Миссис Спенсер сидела за столом, спиной к окну. Ста­ромодная, чопорная, она немногим отличалась от солда­фонов в юбках, учивших саму Мишель. В очередной раз растянув губы в любезной улыбке, Мишель опустилась на стул напротив миссис Спенсер и посадила Фрэнки себе на колени.

– Спасибо, что приняли нас, – прощебетала она. – Через десять минут мне нужно быть на ярмарке, да и ваше время, я знаю, очень дорого. – Миссис Спенсер насторо­женно кивнула – слухи, разумеется, дошли и до нее, а к чему ей лишние проблемы? – Вы ведь знаете моего Фрэнки?

– Конечно, – без колебаний солгала директриса, вы­ползавшая из кабинета, что называется, по большим празд­никам.

– Если позволите, я оставлю его в приемной. Пойдем, мой хороший. Посмотришь книжку, пока мы поговорим с миссис Спенсер.

Усадив ребенка в уголке вотчины Хиллари Гросс, она сунула ему маленькую коробочку сока и пачку изюма. Без­вольно свесив ножки и уронив голову, Фрэнки упорно смотрел в пол. Материнское сердце разрывалось от любви и жалости, но Мишель все же оставила сына и вернулась в кабинет.

– Думаю, вы уже слышали о том, – довольно резко на­чала она, оставив сиропные интонации, – что наша семья подверглась незаслуженным обвинениям. В доме был проведен обыск, однако обвинения нам не предъявили и, уверена, не предъявят. Мы с мужем решили подать иск за не­законный арест на власти города и округа.

Мишель почувствовала, как напряглась при этих сло­вах миссис Спенсер.

– Да, я слышала об аресте и…

– Обвинения, повторяю, предъявлено не было, – обо­рвала ее Мишель. – Нас с мужем продержали несколько часов и выпустили; детей же напугали до полусмерти. Клянусь вам, что мы стали жертвой чьего‑ то злого умысла, но даже если вы мне не верите, то должны согласиться, что дети ни при чем. Верно?

– В подобных ситуациях дети, к сожалению, всегда…

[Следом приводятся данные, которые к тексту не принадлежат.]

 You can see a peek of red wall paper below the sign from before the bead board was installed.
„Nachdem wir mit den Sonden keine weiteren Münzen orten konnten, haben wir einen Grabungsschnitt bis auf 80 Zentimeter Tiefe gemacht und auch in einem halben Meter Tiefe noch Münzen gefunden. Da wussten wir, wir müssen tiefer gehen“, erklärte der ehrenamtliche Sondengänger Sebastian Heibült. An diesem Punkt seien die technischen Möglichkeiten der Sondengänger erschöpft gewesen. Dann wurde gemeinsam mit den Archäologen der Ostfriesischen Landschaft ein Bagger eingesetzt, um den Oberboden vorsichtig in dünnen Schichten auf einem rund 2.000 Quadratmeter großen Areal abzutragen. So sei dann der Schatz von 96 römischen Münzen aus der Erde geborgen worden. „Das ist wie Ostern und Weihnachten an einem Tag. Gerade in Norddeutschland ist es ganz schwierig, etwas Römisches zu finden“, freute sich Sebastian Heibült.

– В нашей семье, – вновь оборвала директрису Ми­шель, – дети всегда были окружены любовью, заботой и уважением к их личности. – Она вынула из сумки безобразную записку учительницы, положила на стол и при­шлепнула ладонью. – А это, по моему твердому убежде­нию, написано человеком, который детей ненавидит и презирает.

Миссис Спенсер развернула записку, пробежала бегло.

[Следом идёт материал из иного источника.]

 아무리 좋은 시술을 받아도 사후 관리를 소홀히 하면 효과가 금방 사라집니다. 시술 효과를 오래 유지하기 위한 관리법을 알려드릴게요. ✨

– Я об этом не знала, но все улажу.

– Благодарю, но все уладить – моя забота, – возрази­ла Мишель. – А ваша, как директора, – поднять вопрос о соответствии мисс Мерчисон ее должности. Учительница не могла не знать, что ребенок пережил сильнейший шок, и, уж конечно, ей известно, насколько жестокими бывают дети. Прежде у Фрэнки подобных неприятностей в школе не случалось… – Голос Мишель зазвенел, руки мелко­‑ мелко задрожали. – Да как она посмела продержать его полдня в мокрых штанишках, в углу, на виду у всего клас­са, будто хулигана какого‑ нибудь?! Как посмела до такой степени унизить и оскорбить маленького человека?

– Требования нашего учебного заведения вам извест­ны: ребенок должен быть приучен к туалету. Однако я со­гласна с вашей оценкой поведения мисс Мерчисон. Она…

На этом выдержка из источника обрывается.